By Marc Chandler
It seems clear. Canada is one of the few developed countries that is a new exporter of oil. Oil prices have soared and the Canadian dollar is at its best level against the US dollar since late 2007. But a closer look suggests a more complicated picture. Since February 15, oil prices have shot up by around 25%, while the Canadian dollar has rallied just shy of 2%, and is actually among the under-performers among the major currencies (3rd worst among the G10, better only than the New Zealand dollar (-1.8% ahead of an anticipated rate cut later this week) and sterling (+0.8%).
We have found that the correlation between oil and the Canadian dollar has collapsed. We conduct the correlation analysis on a 60-day rolling basis, using percent change. The correlation peaked at the end of last year near 0.76. It now stands at -0.1 (see graph from Bloomberg below This is the first time the correlation is inverse since the July-Oct 2007 period. In the 1992-2002 period, the correlation was often inverse, but in recent years this is an exception.
There are several considerations here. First, traditionally Canada’s energy exports were concentrated in natural gas and the price of natural gas has collapsed. Second, while Canada is a net exporter of oil, the situation is more complicated. Western oil fields export heavy crude to the US, but Eastern provinces import light sweet crude. The latest data we were able to find was for 2009 and in that year Canada exported 658 mln barrels of oil to the US, but imported 313 mln barrel of oil (mostly from UK and Norway, but also Algeria).
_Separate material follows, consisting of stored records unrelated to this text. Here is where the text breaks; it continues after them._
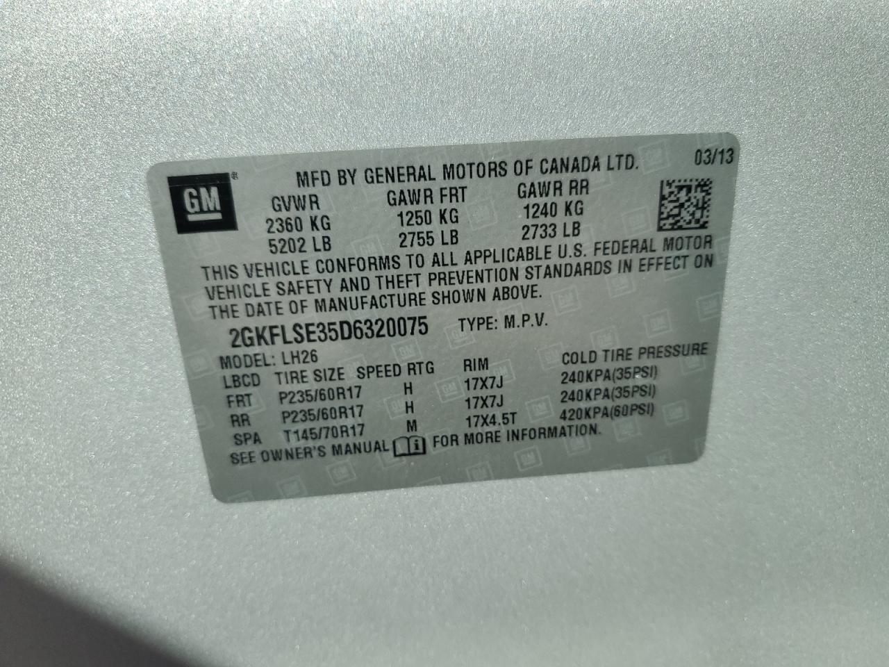 Колір СрібнийЦиліндри 6VIN 2GKFLSE35D6320075Стан Заводиться та їде (перевірено)Ушкодження Задня
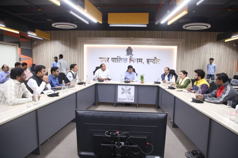 एआइसीटीएसएल अफसरों की बैठक लेते इंदौर महापौर पुष्यमित्र भार्गव
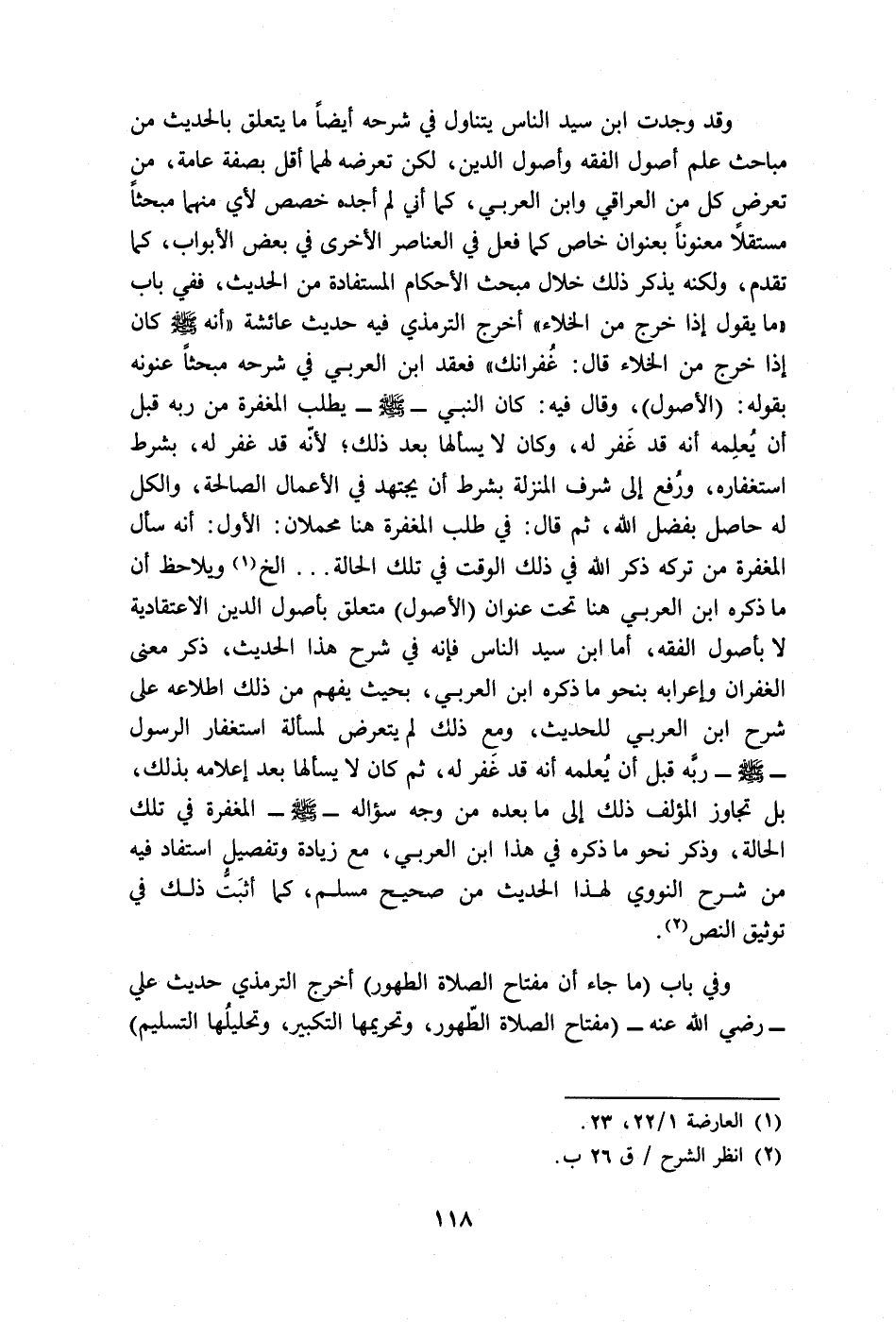 وقد وجدت ابن سيد الناس يتناول في شرحه أيضًا ما يتعلق بالحديث من مباحث علم أصول الفقه وأصول الدين، لكن تعرضه لهما أقل بصفة عامة، من تعرض كل من العراقي وابن العربي، كما أني لم أجده خصص لأي منهما مبحثًا مستقلًا معنونًا بعنوان خاص كما فعل في العناصر الأخرى في بعض الأبواب، كما تقدم، ولكنه يذكر ذلك خلال مبحث الأحكام المستفادة من الحديث، ففي باب "ما يقول إذا خرج من الخلاء" أخرج الترمذي فيه حديث عائشة "أنه -صلى الله عليه وسلم- كان إذا خرج من الخلاء قال: غُفرانك" فعقد ابن العربي في شرحه مبحثًا عنونه بقوله: (الأصول)، وقال فيه: كان النبي -صلى الله عليه وسلم- يطلب المغفرة من ربه قبل أن يُعلِمه أنه قد غَفر له، وكان لايسألها بعد ذلك؛ لأنه قد غفر له، بشرط استغفاره، ورُفع إلى شرف المنزلة بشرط أن يجتهد في الأعمال الصالحة، والكل له حاصل بفضل الله، ثم قال: في طلب المغفرة هنا محملان: الأول: أنه سأل المغفرة من تركه ذكر الله في ذلك الوقت في تلك الحالة ... الخ (¬1) ويلاحظ أن ما ذكره ابن العربي هنا تحت عنوان (الأصول) متعلق بأصول الدين الاعتقادية لا بأصول الفقه، أما ابن سيد الناس فإنه في شرح هذا الحديث، ذكر معنى الغفران وإعرابه بنحو ما ذكره ابن العربي، بحيث يفهم من ذلك اطلاعه على شرح ابن العربي للحديث، ومع ذلك لم يتعرض لمسألة استغفار الرسول -صلى الله عليه وسلم- ربَّه قبل أن يُعلمه أنه قد غفر له، ثم كان لا يسألها بعد إعلامه بذلك، بل تجاوز المؤلف ذلك إلى ما بعده من وجه سؤاله -صلى الله عليه وسلم- المغفرة في تلك الحالة، وذكر نحو ما ذكره في هذا ابن العربي، مع زيادة وتفصيل استفاد فيه من شرح النووي لهذا الحديث من صحيح مسلم، كما أثبَتُّ ذلك في توثيق النص (¬2).
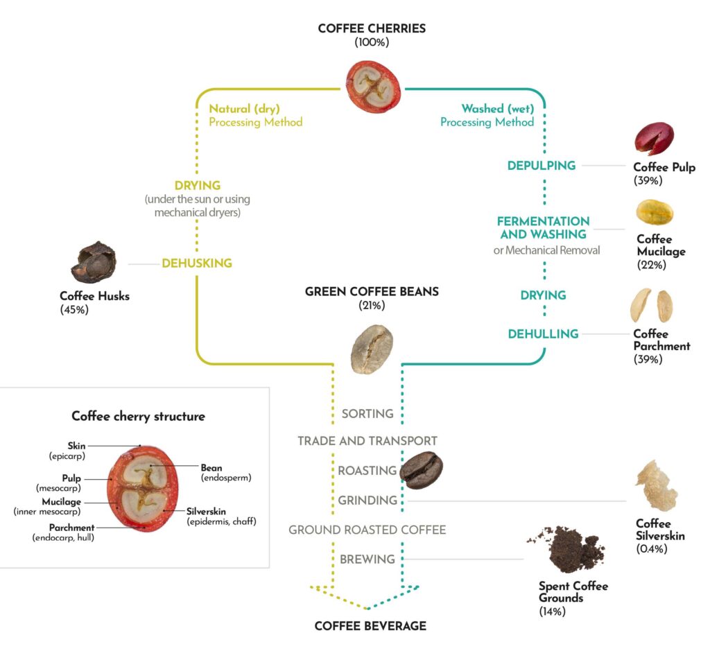 To understand how coffee waste can contribute to a circular economy, we have to understand just how much of the coffee cherry is potentially reusable—a major goal of the ICO report.
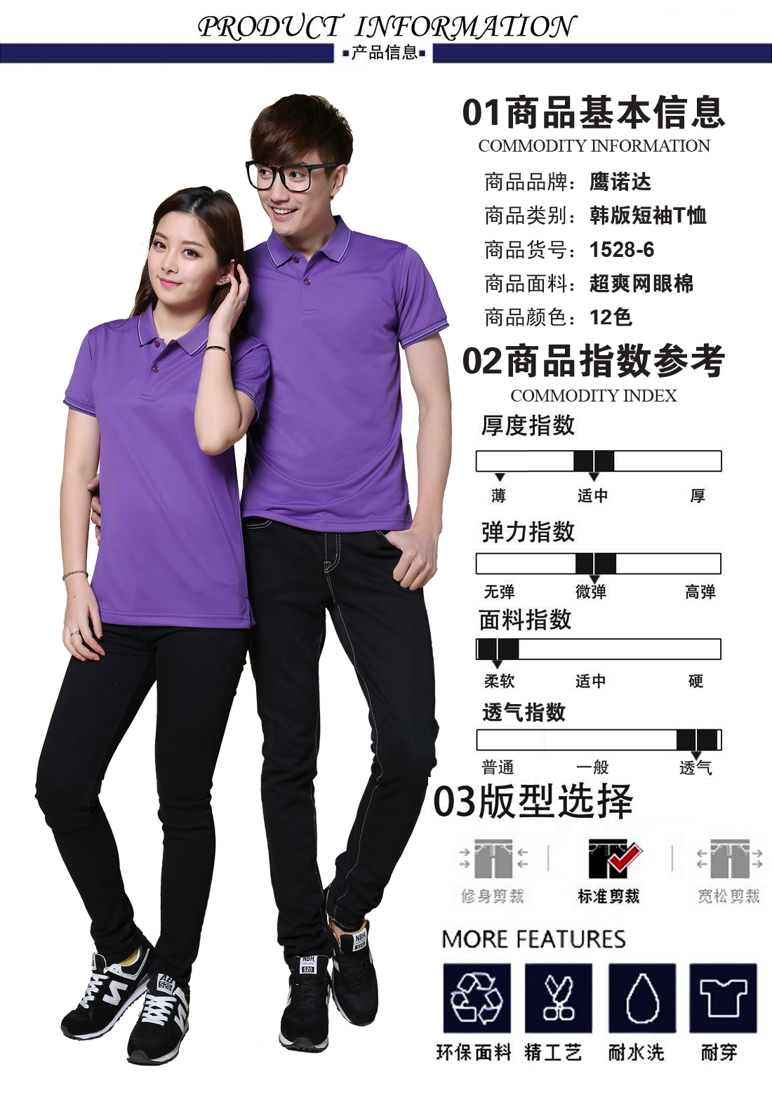 深紫提花翻领超爽网眼棉T恤衫ID1528-6
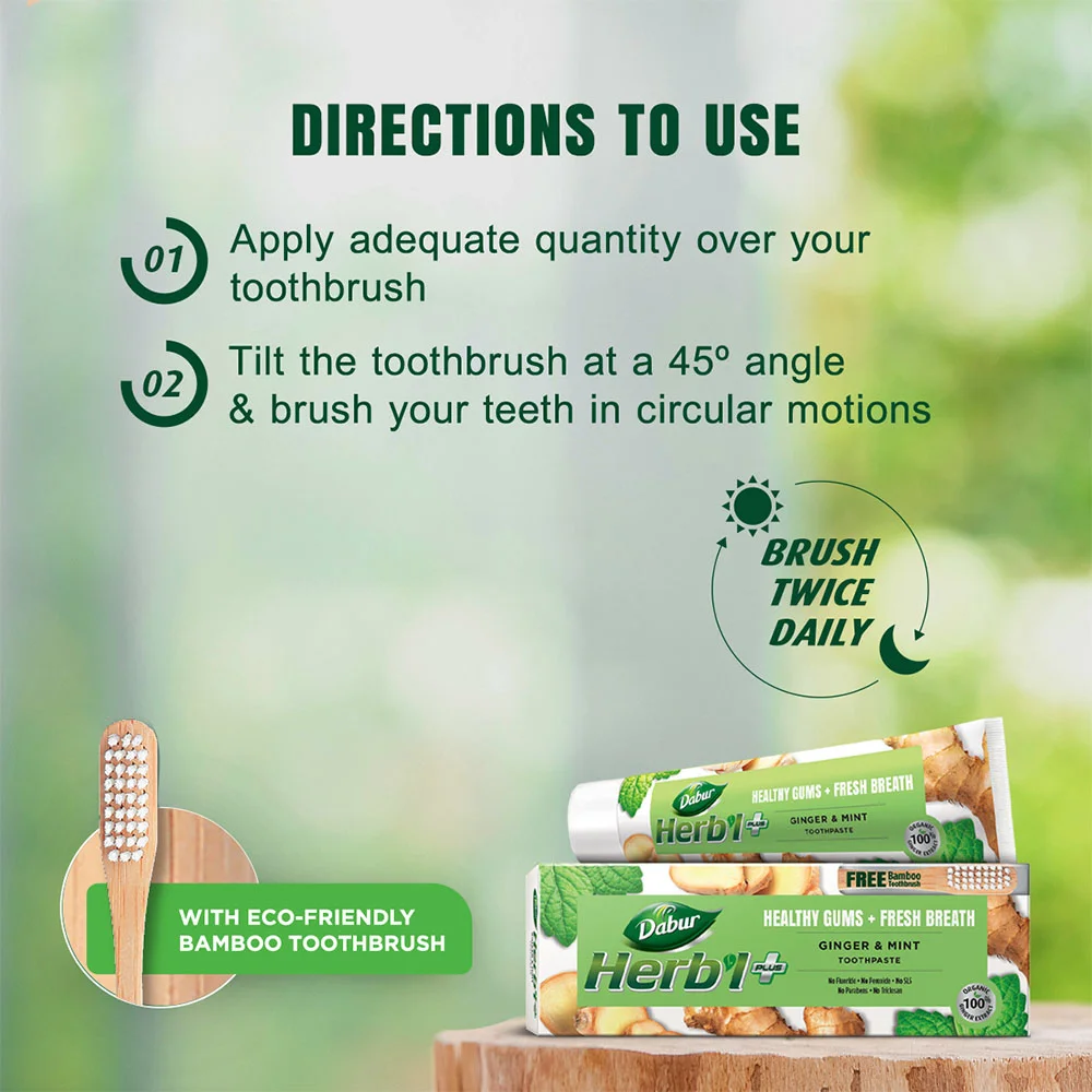 معجون أسنان دابر هيربل بلس بالزنجبيل والنعناع هو منتج للعناية بالفم خالٍ من الفلورايد، مُصمم لتحسين صحة اللثة وتوفير نفس منعش يدوم طويلًا باستخدام مستخلصات عضوية 100٪.

Third, another way to conceptualize the issue is to put revenue of the oil exports in a larger context. Using round numbers to illustrate the point. Canada exports to the US about $6 bln of oil a month. The BIS survey of foreign exchange turnover found that the Canadian dollar has about a 5.3% market share (on a 200% calculation to represent there are two sides to all trades), That puts the average daily volume of the Canadian dollar near $100 bln.
The key take-aways are:
- The correlation between the Canadian dollar and crude oil has broken down dramatically in recent weeks.
- Canada is a net exporter of oil, but not nearly as it may appear as the eastern part of the country that is home to most of the population and industry are substantial importers of oil
- The dollar value of oil exports is a minuscule fraction of the overall turnover of the Canadian dollar in the foreign exchange market. Capital flows are more important than trade flows.